As últimas duas décadas da vida de Patočka são bem conhecidas, sobretudo aqueles anos finais em que, proibido de leccionar na Universidade, organiza cursos e conferências no seu pequeno apartamento em Praga. Funda, juntamente com outros, a Carta 77. Virá a morrer de ataque cardíaco, em 13 de Março de 1977, durante (mais) um interrogatório policial.
Mais do que a sua morte trágica e absurda, é esse exercício da filosofia como percurso na vida (em sentido quotidiano e essencial) que sempre me atraiu para o pensamento de Patočka. É, hoje, para muitos de nós, difícil imaginar as condições de vida no Leste europeu. Aquelas de um filósofo, mas, sobretudo, de um cidadão para quem o pensamento era sempre o desafio vivido em todas as horas. Mais do que as condições de vida, estamos aqui perante a questão das condições de pensamento. O dissidente nesse mundo hoje desaparecido era um ser que procurava, necessariamente, alternativas profundas e criativas ao maniqueísmo político e cultural que o rodeava. A questão do ser europeu pode, em minha opinião, ser melhor compreendida quando perspectivada nessa circunstância que era a de Patočka. Evidentemente, esse pensamento não se esgotou nessa especificidade histórica, na medida em que ele funciona, também, como um indicador da especificidade histórica que é a nossa, hoje.

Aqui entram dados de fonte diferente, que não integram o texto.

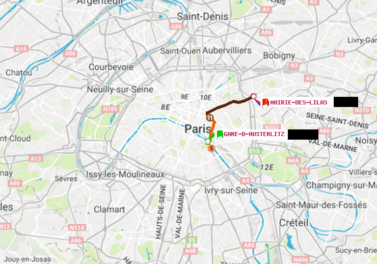 A : Gare d'Austerlitz | B : Mairie des Lilas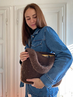 Mousse Bag è una borsa ampia e morbida realizzata in lana norvegese. Si lavora dal basso verso l’alto: si parte dalla base, poi si riprendono le maglie lungo i bordi e si unisce il lavoro per continuare in tondo. Le diminuzioni modellano la borsa, creando una forma a trapezio.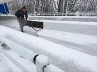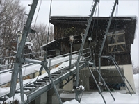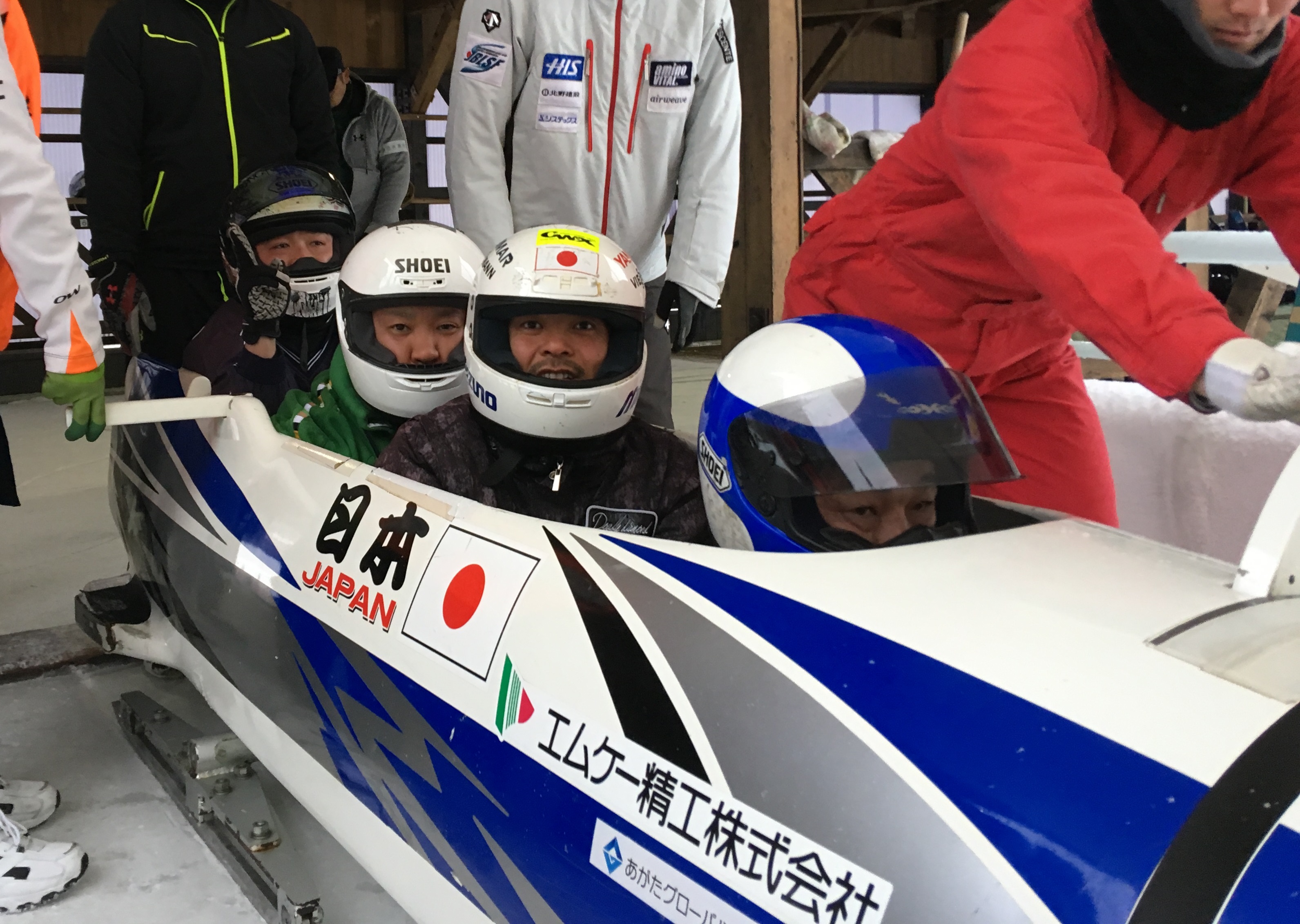 第1弾 氷上のF1 ボブスレー 〜長野スパイラル〜 四人乗り 先頭の人がハンドルを操作、 三人がソリを押して飛び乗る。 その後は体重移動でコントロール、 100km以上のスピードで走るので 顔を下に向けると上に戻すのが大変 |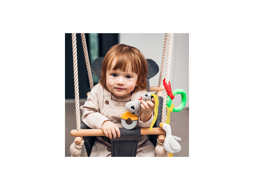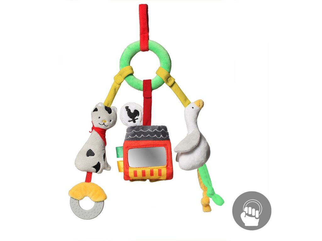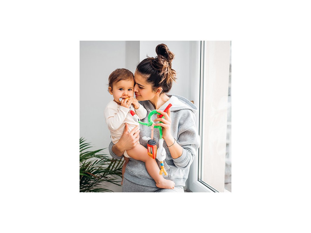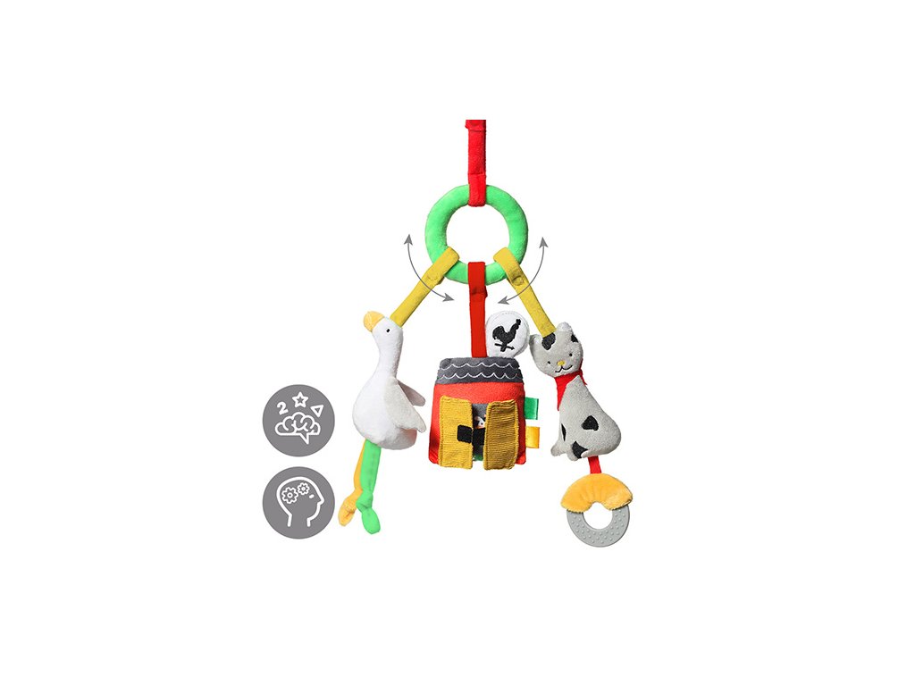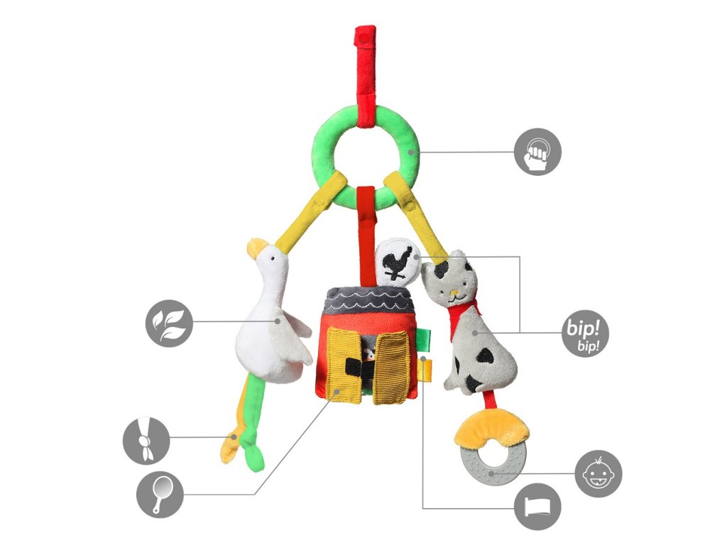 Ez a fejlesztő játék bevezeti gyermekét a színek, hangok és formák sokszínű világába. A játék formája, amely egy játszórúdra emlékeztet, lehetővé teszi, hogy minden típusú autósülésre vagy babakocsira felakasszák. Ennek köszönhetően a játék elkísérheti gyermekét utazásai és sétái során.
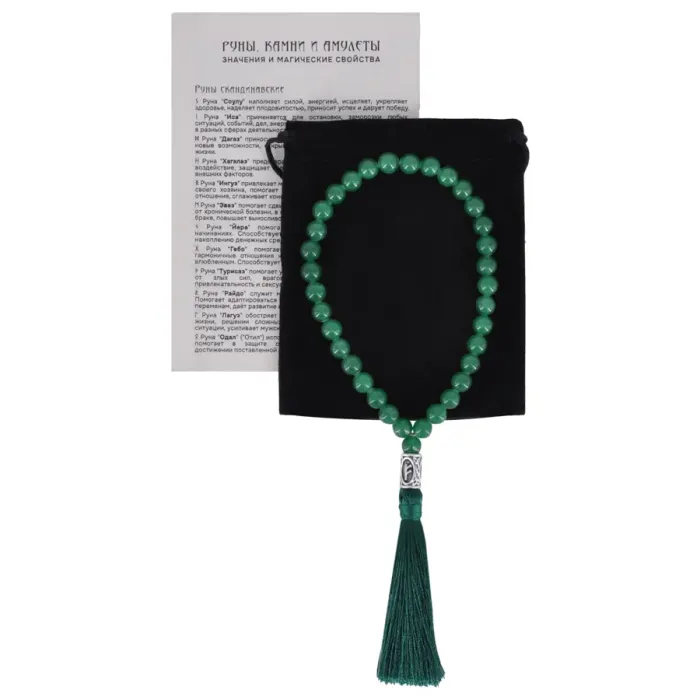 Размеры и комплектация: Высота около 22,5 см, диаметр бусин 8 мм, размер рунической бусины 12,5х7,5 мм.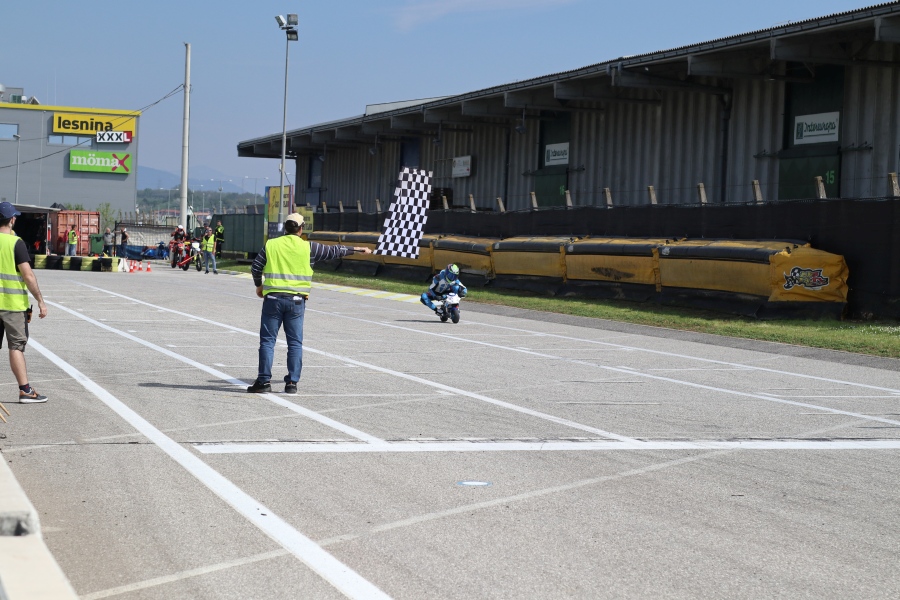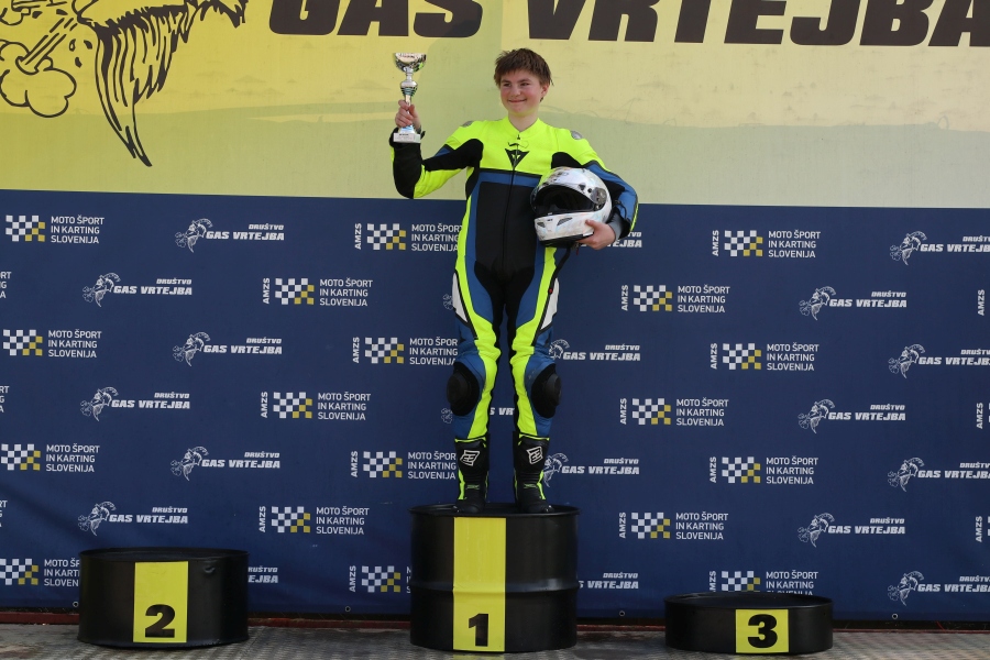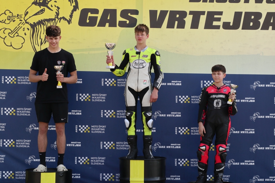 je po zanj vseeno razburljivi dirki, ki jo je odpeljal s tekmeci v močnejši konkurenci miniGP 12 povedal Kovačič, ki je vseeno zasluženo prejel pokal za zmagovalca.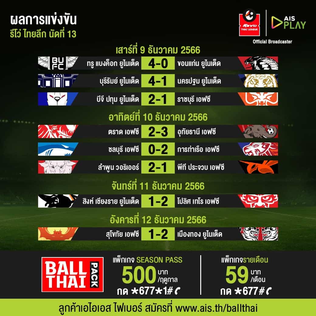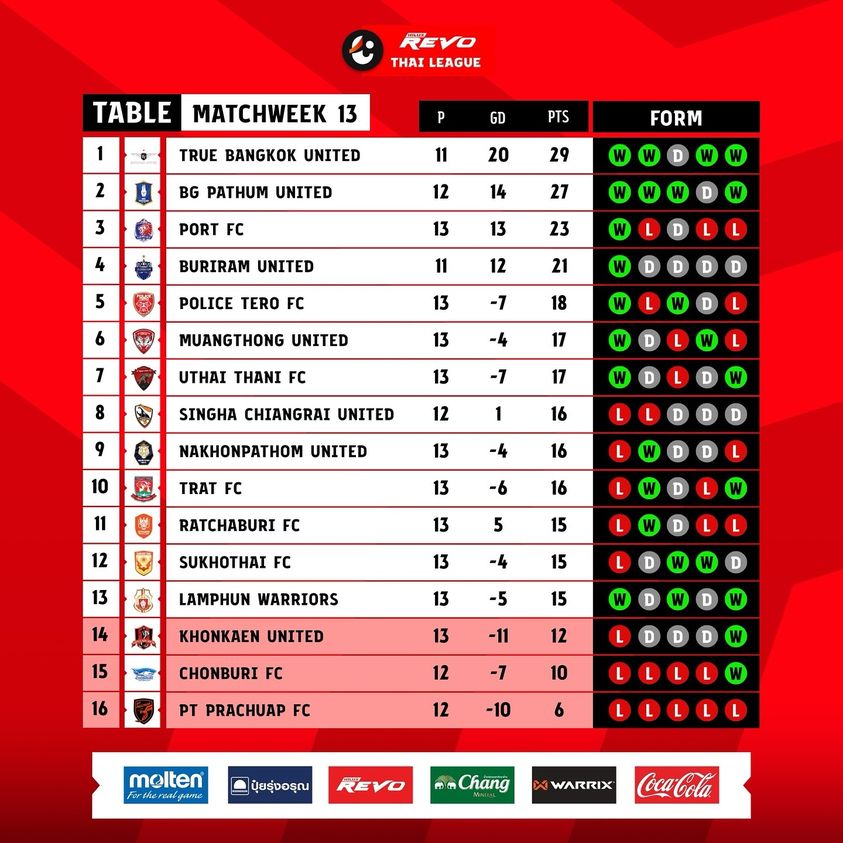 สรุปผลการแข่งขัน รีโว่ ไทยลีก 2023/24 หลังจบนัดที่ 13

Mas aquilo que é específico no nosso tempo parece ter a ver com efeitos de «distracção» sistematizados e sustentados por dispositivos omnipresentes. Estes enquadram as nossas vidas numa aesthesis do preenchimento (das vidas, das significações, dos acontecimentos). Vivemos em pleno efeito da atenção desdobrada e das esferas de experiência desdobradas. Tudo aqui se parece opor à vida na Checoslováquia dos anos soviéticos: escassez material e energética, escassez audiovisual e mediática, escassez do discurso público. Significa isso que a escassez e o totalitarismo favorecem o pensamento filosófico? Penso que dizê-lo seria colocar mal o problema. Patočka situa esta questão ao nível do que ele chama o «cuidado da alma», expressão que aqui deve ser reenviada ao próprio pensamento platónico. Traduzo uma passagem dos seus Ensaios Heréticos:
«O Homem é justo e verídico na medida em que tenha a preocupação da alma. A herança da filosofia clássica grega é o cuidado da alma. Ele significa: a verdade não é dada uma vez por todas; ela também não é a simples questão da contemplação e da apropriação pelo pensamento, mas consiste antes na praxis da vida intelectual, já que quem a vive sonda-se, controla-se e unifica-se a si mesmo. No pensamento grego, o cuidado da alma foi afinado segundo duas formas: cuidamos da alma para que ela possa, numa pureza absoluta, e através de um olhar não perturbado, caminhar espiritualmente através do mundo, através da eternidade do cosmos e, por aí, atingir, por um breve instante que seja, o modo existencial que é próprio dos deuses» (in Essais Hérétiques, Verdier, 1981, p. 92).